What to produce
Starting at the line that contains "multiple indoor grows." and stopping at the line that contains "30小时-60小时-90小时均线 【战机起航】卖出点 看空信号,后市看跌,卖出", restate each line of the records below exactly. Omit the pictures.

(Source information begins)

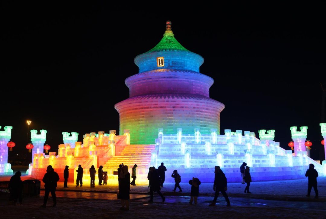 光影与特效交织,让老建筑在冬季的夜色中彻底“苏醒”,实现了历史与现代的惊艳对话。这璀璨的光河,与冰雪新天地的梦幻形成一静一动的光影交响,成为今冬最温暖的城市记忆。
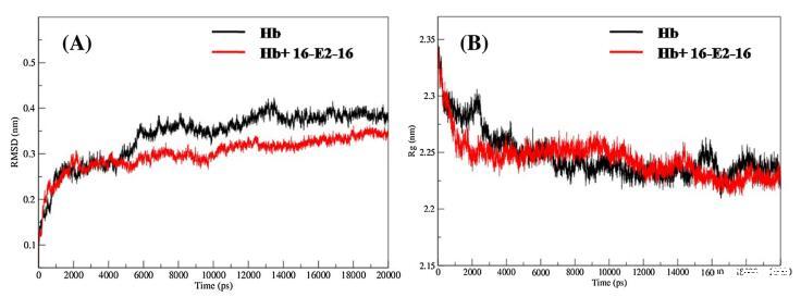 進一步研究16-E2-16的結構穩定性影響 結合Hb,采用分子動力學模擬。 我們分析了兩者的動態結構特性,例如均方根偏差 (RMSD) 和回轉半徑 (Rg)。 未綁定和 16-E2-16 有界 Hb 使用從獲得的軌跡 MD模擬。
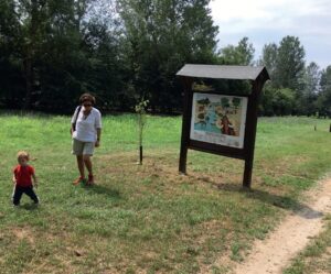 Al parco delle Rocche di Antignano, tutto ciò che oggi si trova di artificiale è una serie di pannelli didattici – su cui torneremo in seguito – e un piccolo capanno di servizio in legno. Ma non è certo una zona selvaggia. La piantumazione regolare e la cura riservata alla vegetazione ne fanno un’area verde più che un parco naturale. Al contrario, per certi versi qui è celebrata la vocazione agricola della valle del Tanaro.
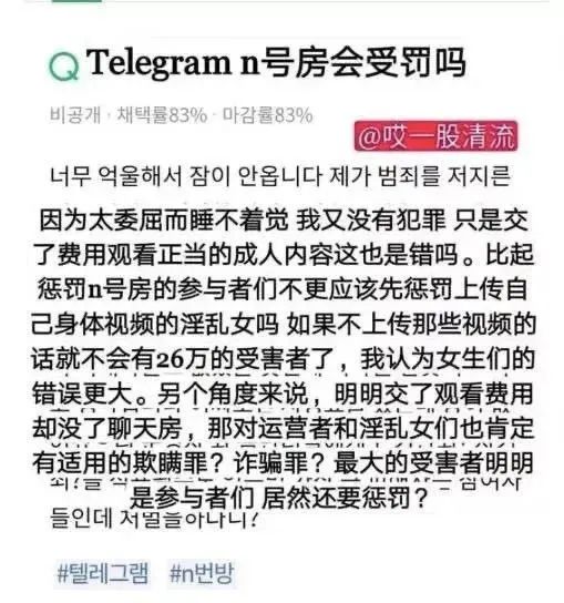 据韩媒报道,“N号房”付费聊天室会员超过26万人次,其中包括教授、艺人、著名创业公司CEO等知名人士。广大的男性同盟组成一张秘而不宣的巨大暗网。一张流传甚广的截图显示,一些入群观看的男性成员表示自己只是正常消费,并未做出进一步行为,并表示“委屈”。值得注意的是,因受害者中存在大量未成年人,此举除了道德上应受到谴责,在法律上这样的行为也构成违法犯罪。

(Source information ends)
(Source information begins)

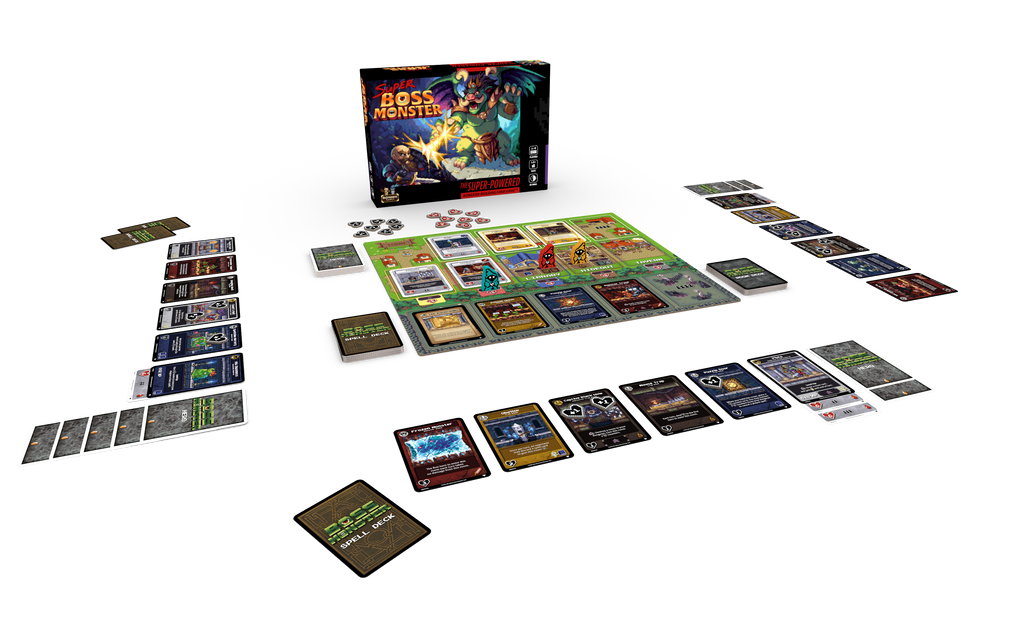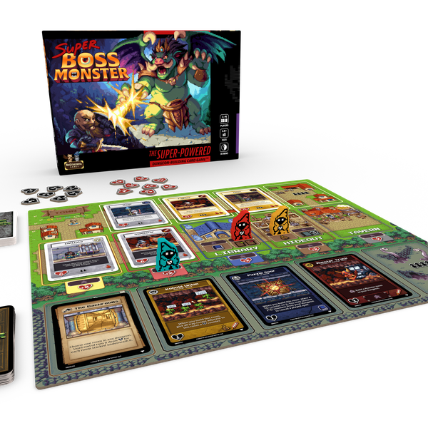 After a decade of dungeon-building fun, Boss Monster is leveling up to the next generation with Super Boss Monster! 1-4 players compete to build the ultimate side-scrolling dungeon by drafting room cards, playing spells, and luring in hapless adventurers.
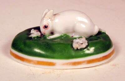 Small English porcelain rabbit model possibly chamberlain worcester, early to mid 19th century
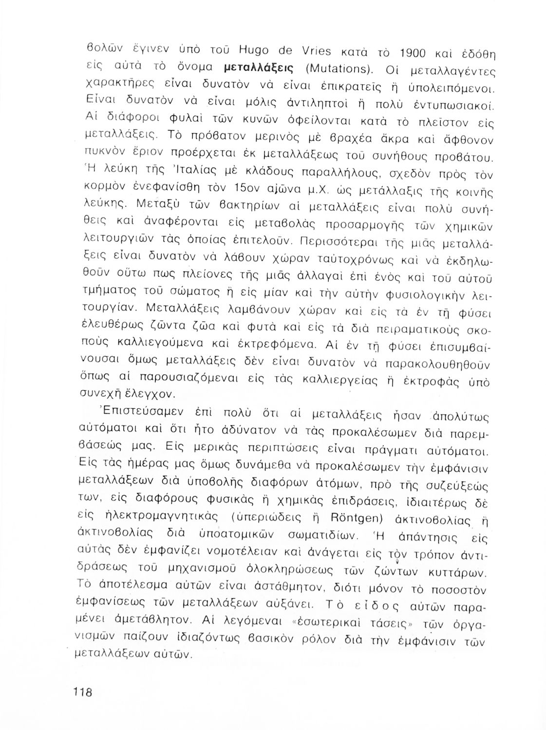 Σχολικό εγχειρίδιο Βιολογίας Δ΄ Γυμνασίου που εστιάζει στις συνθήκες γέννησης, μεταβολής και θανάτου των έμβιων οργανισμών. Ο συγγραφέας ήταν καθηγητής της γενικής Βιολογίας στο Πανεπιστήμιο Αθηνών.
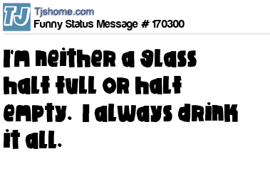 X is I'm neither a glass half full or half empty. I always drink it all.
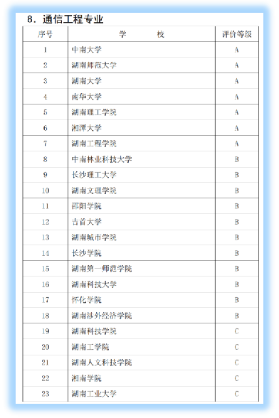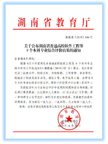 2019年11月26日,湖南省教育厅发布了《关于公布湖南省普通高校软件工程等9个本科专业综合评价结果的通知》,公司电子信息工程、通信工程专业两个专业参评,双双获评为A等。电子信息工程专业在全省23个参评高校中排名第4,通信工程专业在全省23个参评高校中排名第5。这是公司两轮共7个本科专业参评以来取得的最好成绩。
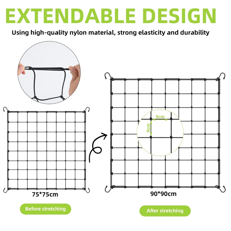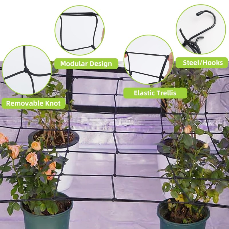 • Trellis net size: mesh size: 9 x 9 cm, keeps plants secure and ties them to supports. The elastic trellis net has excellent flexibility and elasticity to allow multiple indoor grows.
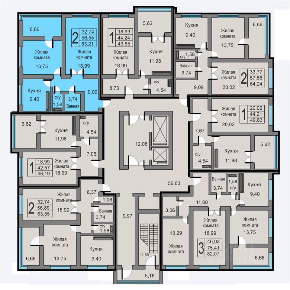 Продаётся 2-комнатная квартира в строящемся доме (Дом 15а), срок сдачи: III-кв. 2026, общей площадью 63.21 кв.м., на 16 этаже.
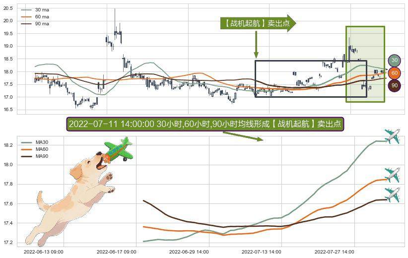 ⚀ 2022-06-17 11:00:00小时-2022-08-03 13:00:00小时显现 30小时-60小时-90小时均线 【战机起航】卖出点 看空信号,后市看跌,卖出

(Source information ends)

Worked solution
 • Trellis net size: mesh size: 9 x 9 cm, keeps plants secure and ties them to supports. The elastic trellis net has excellent flexibility and elasticity to allow multiple indoor grows.
 Продаётся 2-комнатная квартира в строящемся доме (Дом 15а), срок сдачи: III-кв. 2026, общей площадью 63.21 кв.м., на 16 этаже.
 ⚀ 2022-06-17 11:00:00小时-2022-08-03 13:00:00小时显现 30小时-60小时-90小时均线 【战机起航】卖出点 看空信号,后市看跌,卖出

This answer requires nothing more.